— ACTION ITEM —
Give the data below again exactly as written, but without the pictures.

— DATA SEGMENT —

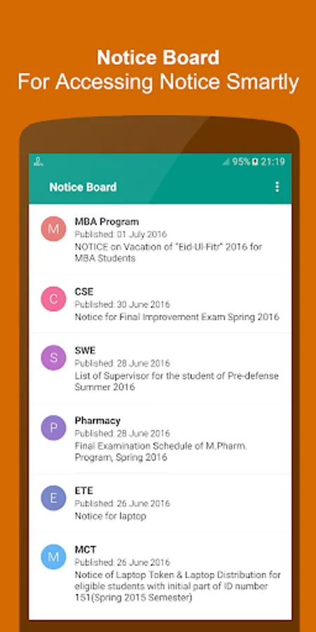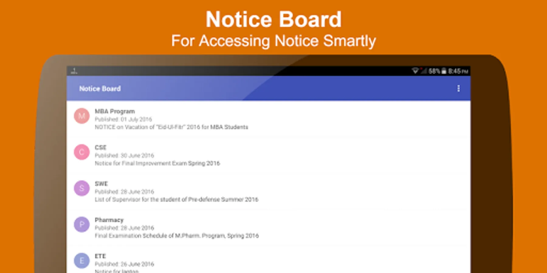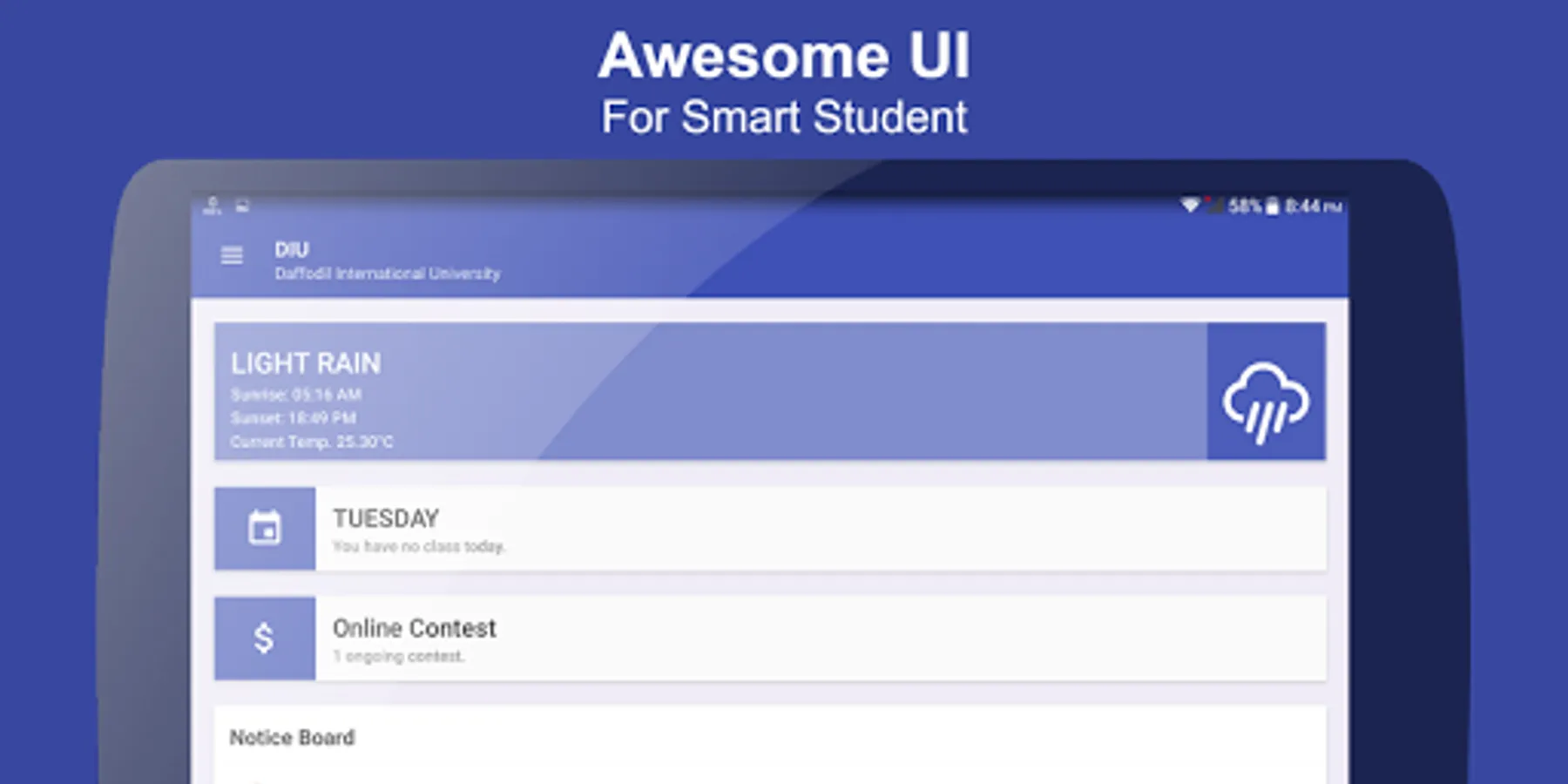 ⇨ Notice Board - allows students to check latest notices of different departments of DIU. Students can enable notification feature for new notices.
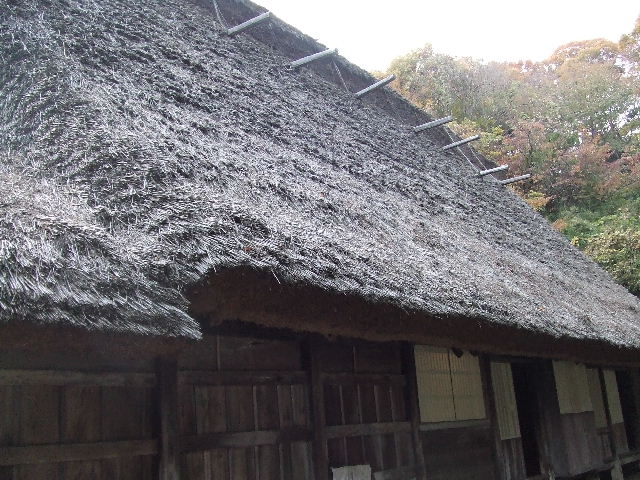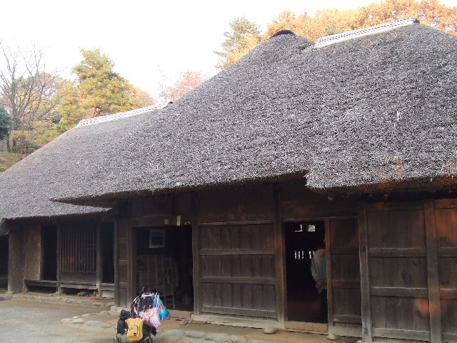 写真以下3枚(以下、1枚目の写真(家の外観の写真)は、何故か、IEだと見られないようなので、Firefoxで、ご覧下さい)。この家は、日本民家園(nihonminkaen)の地元、神奈川(kanagawa)県(東京圏の南部を占める県)の農村から移築されてきた農民の家です。1687年に建てられた農民の家です。家に比べて、とても大きな屋根が特徴です。韓国の方達は、日本の農民の家の屋根は、大きいと思うかもしれませんが、この形態の農民の家の屋根は、特に大きいと感じられるのでは無いでしょうか?
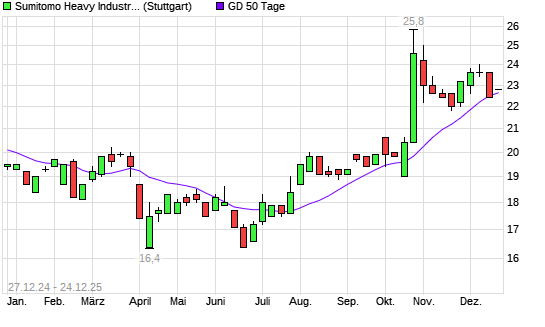Mit dem Anstieg auf 22,40 EUR hat die Sumitomo Heavy Industries-Aktie am 23.12.2025 die 50-Tage-Linie nach oben gekreuzt.
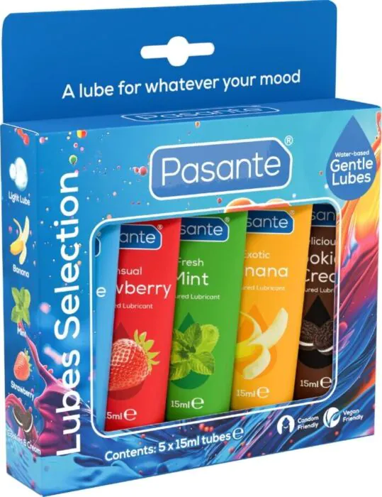 Det här mini-paketet från Pasante innehåller fem vattenbaserade, smaksatta glidmedel i 15ml tuber. för att prova olika smaker, för att ha något diskret i väskan, eller för att addera lekfull smak till oral intimitet. Säker för kondomer och sexleksaker, vegansk och fri från parabener – ett praktiskt val för par och resenärer.

— TASK RESULT —
 ⇨ Notice Board - allows students to check latest notices of different departments of DIU. Students can enable notification feature for new notices.
 写真以下3枚(以下、1枚目の写真(家の外観の写真)は、何故か、IEだと見られないようなので、Firefoxで、ご覧下さい)。この家は、日本民家園(nihonminkaen)の地元、神奈川(kanagawa)県(東京圏の南部を占める県)の農村から移築されてきた農民の家です。1687年に建てられた農民の家です。家に比べて、とても大きな屋根が特徴です。韓国の方達は、日本の農民の家の屋根は、大きいと思うかもしれませんが、この形態の農民の家の屋根は、特に大きいと感じられるのでは無いでしょうか?
Mit dem Anstieg auf 22,40 EUR hat die Sumitomo Heavy Industries-Aktie am 23.12.2025 die 50-Tage-Linie nach oben gekreuzt.
 Det här mini-paketet från Pasante innehåller fem vattenbaserade, smaksatta glidmedel i 15ml tuber. för att prova olika smaker, för att ha något diskret i väskan, eller för att addera lekfull smak till oral intimitet. Säker för kondomer och sexleksaker, vegansk och fri från parabener – ett praktiskt val för par och resenärer.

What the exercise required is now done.